* WORK ORDER: Write the listing below out again in full, dropping its pictures.

* PROVIDED DATA:
== Segment start ==

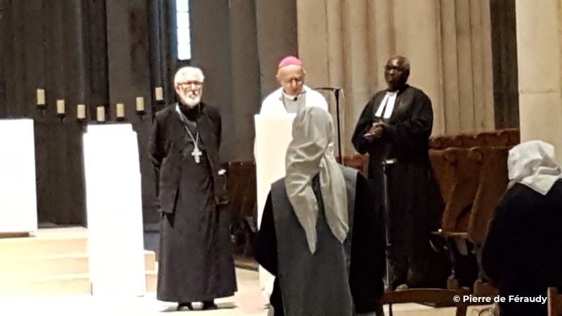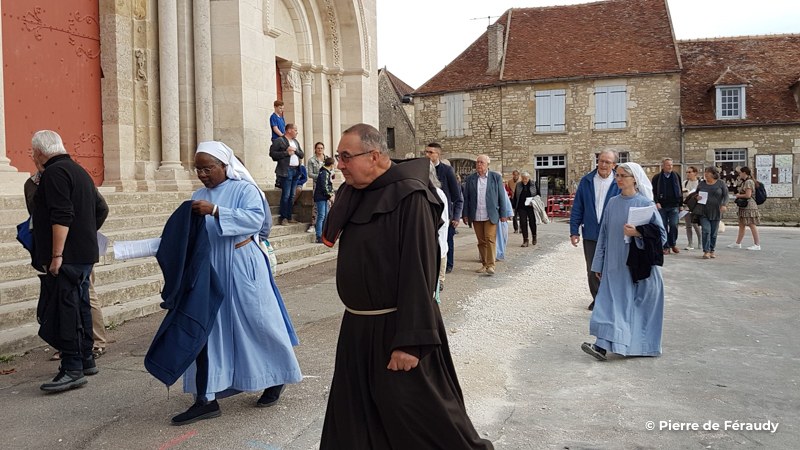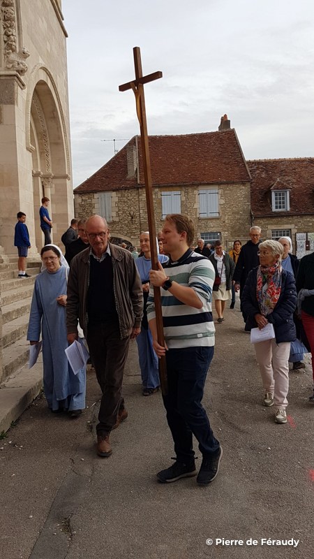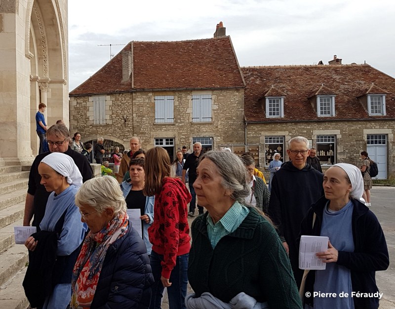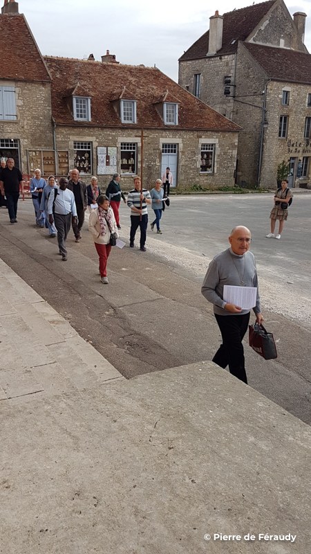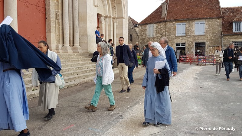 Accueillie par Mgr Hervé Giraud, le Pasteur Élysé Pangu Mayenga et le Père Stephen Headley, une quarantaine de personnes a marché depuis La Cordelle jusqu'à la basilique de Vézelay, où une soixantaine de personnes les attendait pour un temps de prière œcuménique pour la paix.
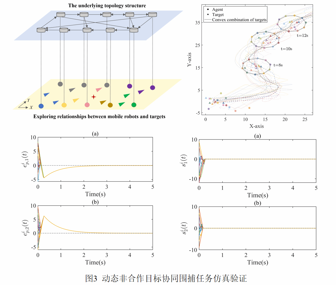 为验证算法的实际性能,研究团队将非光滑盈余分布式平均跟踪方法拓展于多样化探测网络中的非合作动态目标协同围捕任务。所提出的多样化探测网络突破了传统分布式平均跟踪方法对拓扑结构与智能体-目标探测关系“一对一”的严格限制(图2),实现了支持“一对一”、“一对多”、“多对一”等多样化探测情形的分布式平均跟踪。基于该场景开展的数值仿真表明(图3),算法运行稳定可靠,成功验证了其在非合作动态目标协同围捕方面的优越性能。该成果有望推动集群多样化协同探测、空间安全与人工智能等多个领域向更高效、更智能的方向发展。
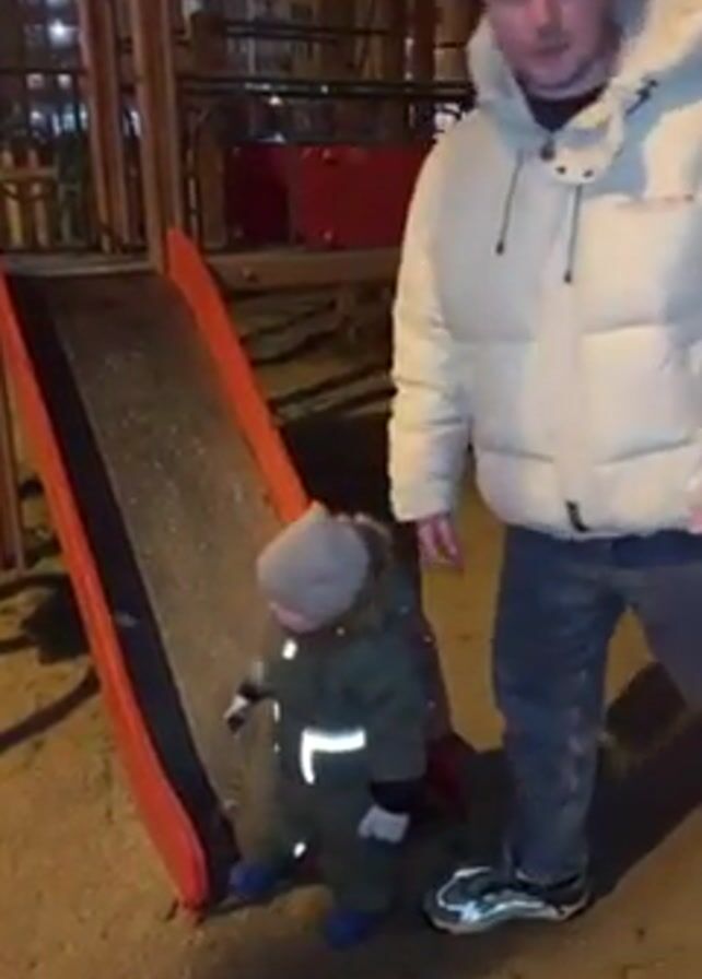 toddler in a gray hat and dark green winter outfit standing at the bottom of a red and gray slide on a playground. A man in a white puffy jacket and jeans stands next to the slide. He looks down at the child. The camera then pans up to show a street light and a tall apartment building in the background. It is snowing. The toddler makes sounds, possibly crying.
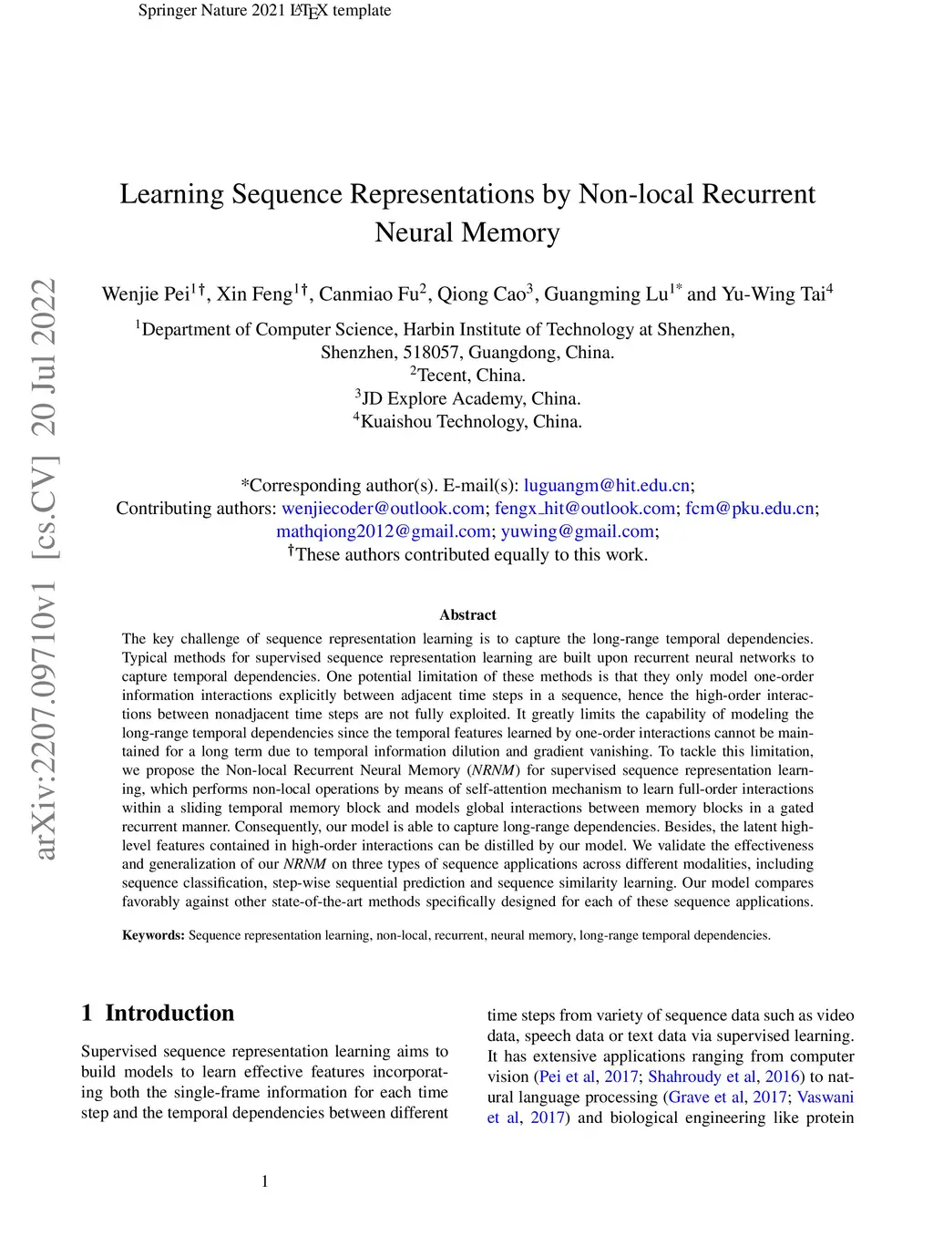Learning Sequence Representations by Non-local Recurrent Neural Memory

== Segment end ==

* TASK RESULT:
 Accueillie par Mgr Hervé Giraud, le Pasteur Élysé Pangu Mayenga et le Père Stephen Headley, une quarantaine de personnes a marché depuis La Cordelle jusqu'à la basilique de Vézelay, où une soixantaine de personnes les attendait pour un temps de prière œcuménique pour la paix.
 为验证算法的实际性能,研究团队将非光滑盈余分布式平均跟踪方法拓展于多样化探测网络中的非合作动态目标协同围捕任务。所提出的多样化探测网络突破了传统分布式平均跟踪方法对拓扑结构与智能体-目标探测关系“一对一”的严格限制(图2),实现了支持“一对一”、“一对多”、“多对一”等多样化探测情形的分布式平均跟踪。基于该场景开展的数值仿真表明(图3),算法运行稳定可靠,成功验证了其在非合作动态目标协同围捕方面的优越性能。该成果有望推动集群多样化协同探测、空间安全与人工智能等多个领域向更高效、更智能的方向发展。
 toddler in a gray hat and dark green winter outfit standing at the bottom of a red and gray slide on a playground. A man in a white puffy jacket and jeans stands next to the slide. He looks down at the child. The camera then pans up to show a street light and a tall apartment building in the background. It is snowing. The toddler makes sounds, possibly crying.
Learning Sequence Representations by Non-local Recurrent Neural Memory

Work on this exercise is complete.